### Task goal
Give an exact copy of the data that follows, but none of its pictures.

(Data block Opens)

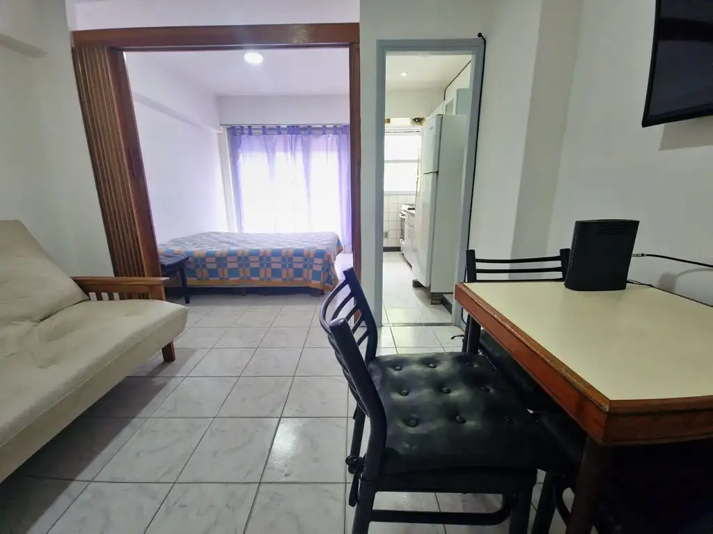 OFRECEMOS UN MONOAMBIENTE DIVISIBLE, EN UN 4° PISO, CON BALCÓN A LA CALLE, MUY LUMINOSO Y TRANQUILO, EN EXCELENTE ESTADO, IDEAL PARA HASTA 4 PERSONAS, PERO CON ESPACIO SUFICIENTE PARA QUE 2 PERSONAS SE HOSPEDEN CÓMODAMENTE.
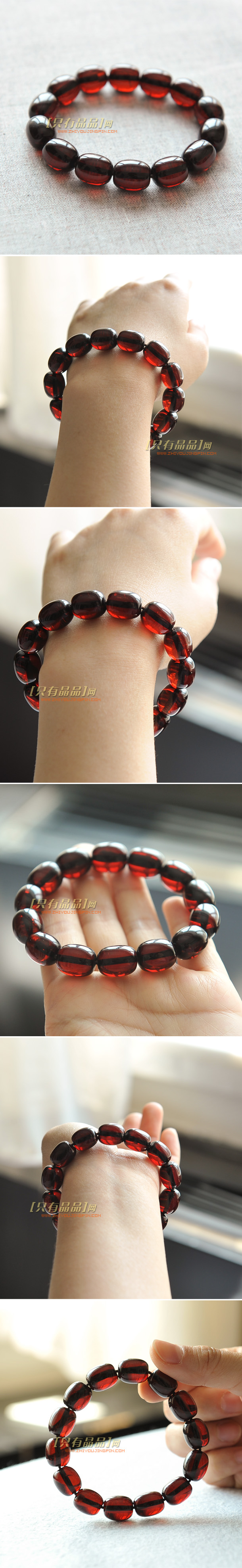 极品波罗的海血珀算桶珠手链。晶体清透,有着漂亮的红葡萄酒色泽,这种颜色比较深沉,但是透光看又很清透,一点不混浊。
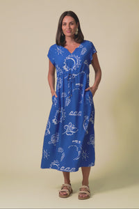 Suzette Blue Abstract Midi Dress
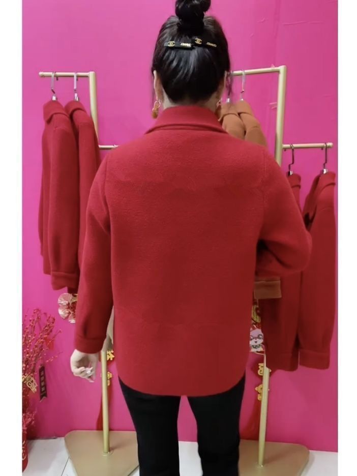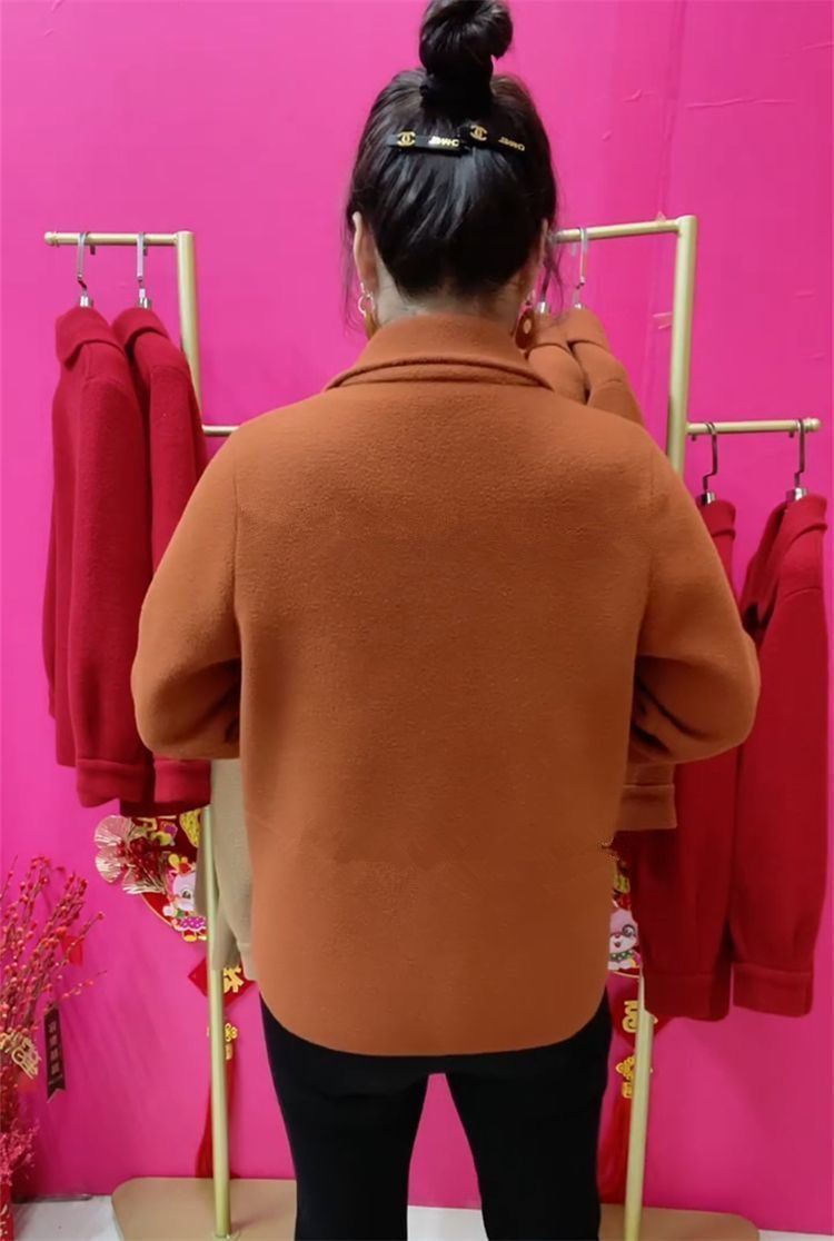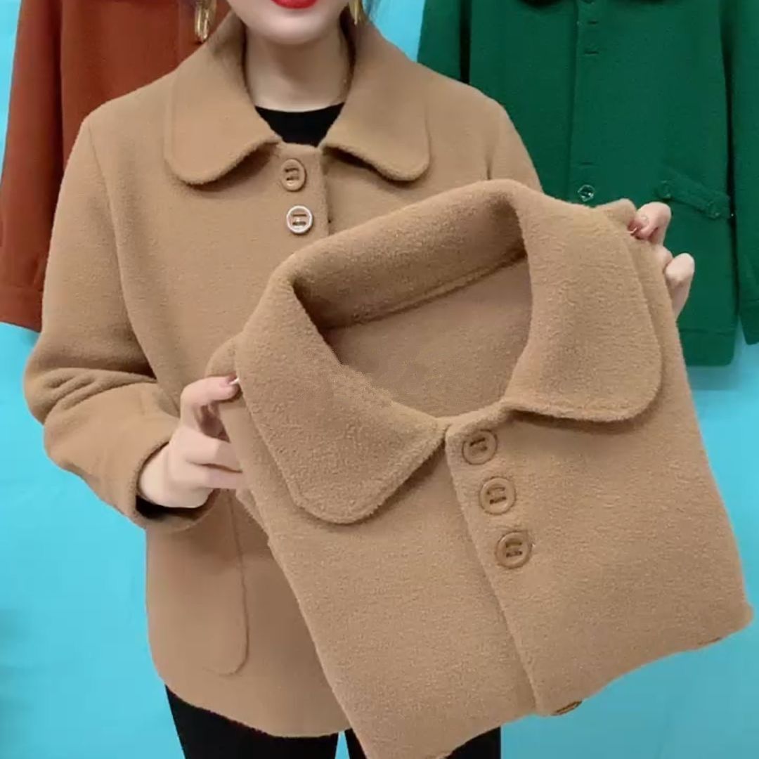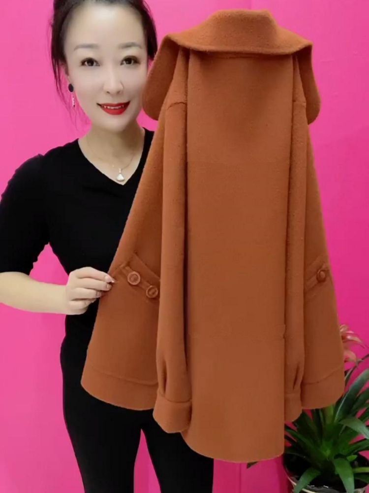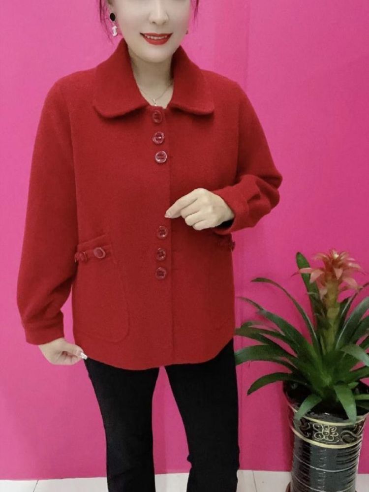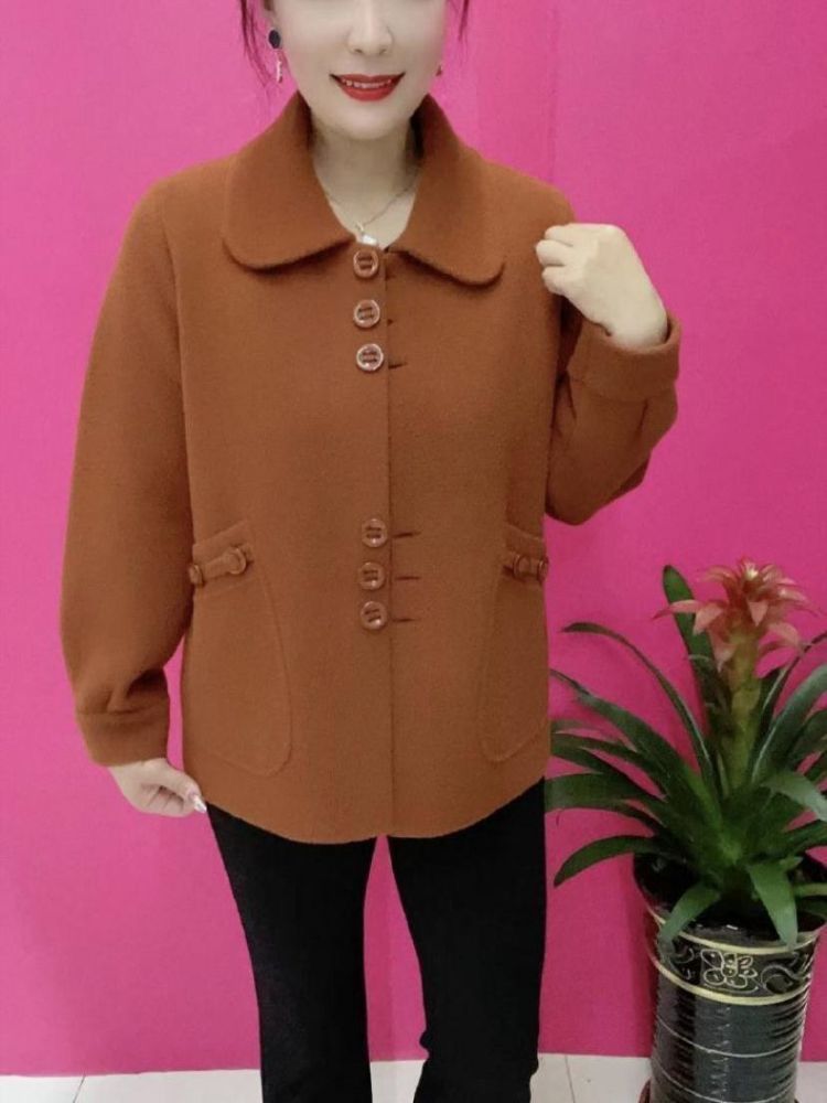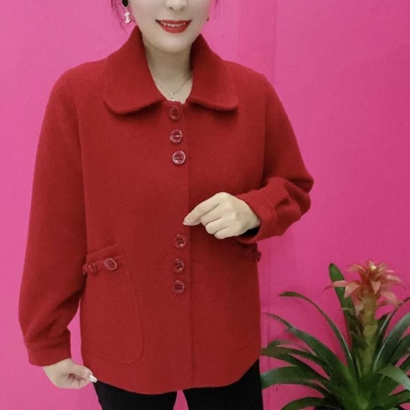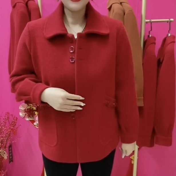中老年妈妈装秋冬新款洋气纯色中短款宽松外套时尚开衫仿毛呢上衣

(Data block Closes)

### Output of the exercise
 OFRECEMOS UN MONOAMBIENTE DIVISIBLE, EN UN 4° PISO, CON BALCÓN A LA CALLE, MUY LUMINOSO Y TRANQUILO, EN EXCELENTE ESTADO, IDEAL PARA HASTA 4 PERSONAS, PERO CON ESPACIO SUFICIENTE PARA QUE 2 PERSONAS SE HOSPEDEN CÓMODAMENTE.
 极品波罗的海血珀算桶珠手链。晶体清透,有着漂亮的红葡萄酒色泽,这种颜色比较深沉,但是透光看又很清透,一点不混浊。
 Suzette Blue Abstract Midi Dress
中老年妈妈装秋冬新款洋气纯色中短款宽松外套时尚开衫仿毛呢上衣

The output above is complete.